Helpful: If single rooms are not available in your parent’s price range, consider how much privacy the facility’s shared rooms offer. Some feature sturdy partitions…others just thin curtains or nothing at all between beds.

8. The more you visit, the better the care your parent will receive. Residents whose families visit often typically receive significantly more attentive care from nursing home employees than those who rarely receive guests. If you live far away, perhaps a friend or relative can visit regularly.

Helpful: Each time you visit, ask a question or two of a staff member. This sends the message that you are paying close attention to your parent’s care. But always be polite, and don’t let these questions become excessive or frivolous—you want the staff to consider you involved, not annoying.

9. We can kick your parent out at any time. Nursing homes cannot legally expel residents because they’ve run out of savings and must resort to Medicaid to pay. But nursing homes are allowed to send away residents who have come to require more care than the home can provide. Some disreputable facilities expel residents who run out of money by claiming that their care needs have increased.

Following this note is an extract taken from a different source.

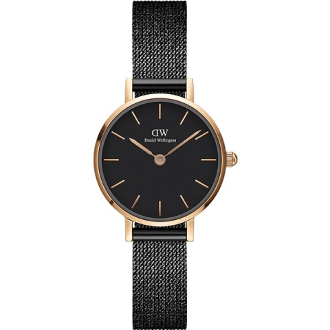 Karóra nőknek - analóg idő megjelenítés, óramű típusa quartz, kerek számlap, elegáns, számozás nélküli, ásványi számlap, 30 m (3 ATM) vízhatlanság, a tok anyaga rozsdamentes acél, a tok színe rózsaarany, a szíj anyaga acél, a szíj színe fekete, 13,5 - 19,5 cm csuklóméretre, cserélhető szíjjal A klassz DANIEL WELLINGTON Petite DW00100441 nőknek karóra jó szolgálatot tesz a mindennapokban. Az alapját egy 24 mm szélességű kerek számlap alkotja. A hatékony Q

If this happens to your parent, you could contact your state’s long-term-care ombudsman to file a complaint. (Find your state’s ombudsman through the Web site LTCOmbudsman.org.) But even if the ombudsman agrees that the facility cannot kick out your parent, you probably don’t want your parent staying in a nursing home that would act this way, assuming that you can afford other options.

WHAT YOUR MOTHER’S HOSPITAL ISN’T TELLING YOU ABOUT NURSING HOMES

If your parent requires nursing home care following a hospital stay, there’s a good chance that the hospital discharge planner will give you just a few days to choose a nursing home. The longer your parent stays in the hospital, the less profit the hospital makes. (Medicare and health insurance plans typically pay a predetermined fixed amount for the treatment of a particular health problem, with no additional payments for longer-than-average stays.)

What most families don’t realize is that they can push back when discharge planners try to push their parents out the door. If you haven’t selected a nursing home yet, tell the discharge planner that you require more time and that you will file an appeal with Medicare if he/she doesn’t relax the deadline. The threat alone often is enough to make discharge planners back down—they don’t like the paperwork hassles associated with appeals. If not, file the appeal. Even if your appeal is rejected, the appeals process will buy you some additional time.

Helpful: The hospital’s patient advocate should be able to provide details about how to file this appeal. Or hire a long-term-care case manager who can help with filing the appeal and selecting a nursing home. You will have to pay this case manager a few hundred dollars, but it’s money well-spent. Your local Area Agency on Aging might be able to help you find a local case manager.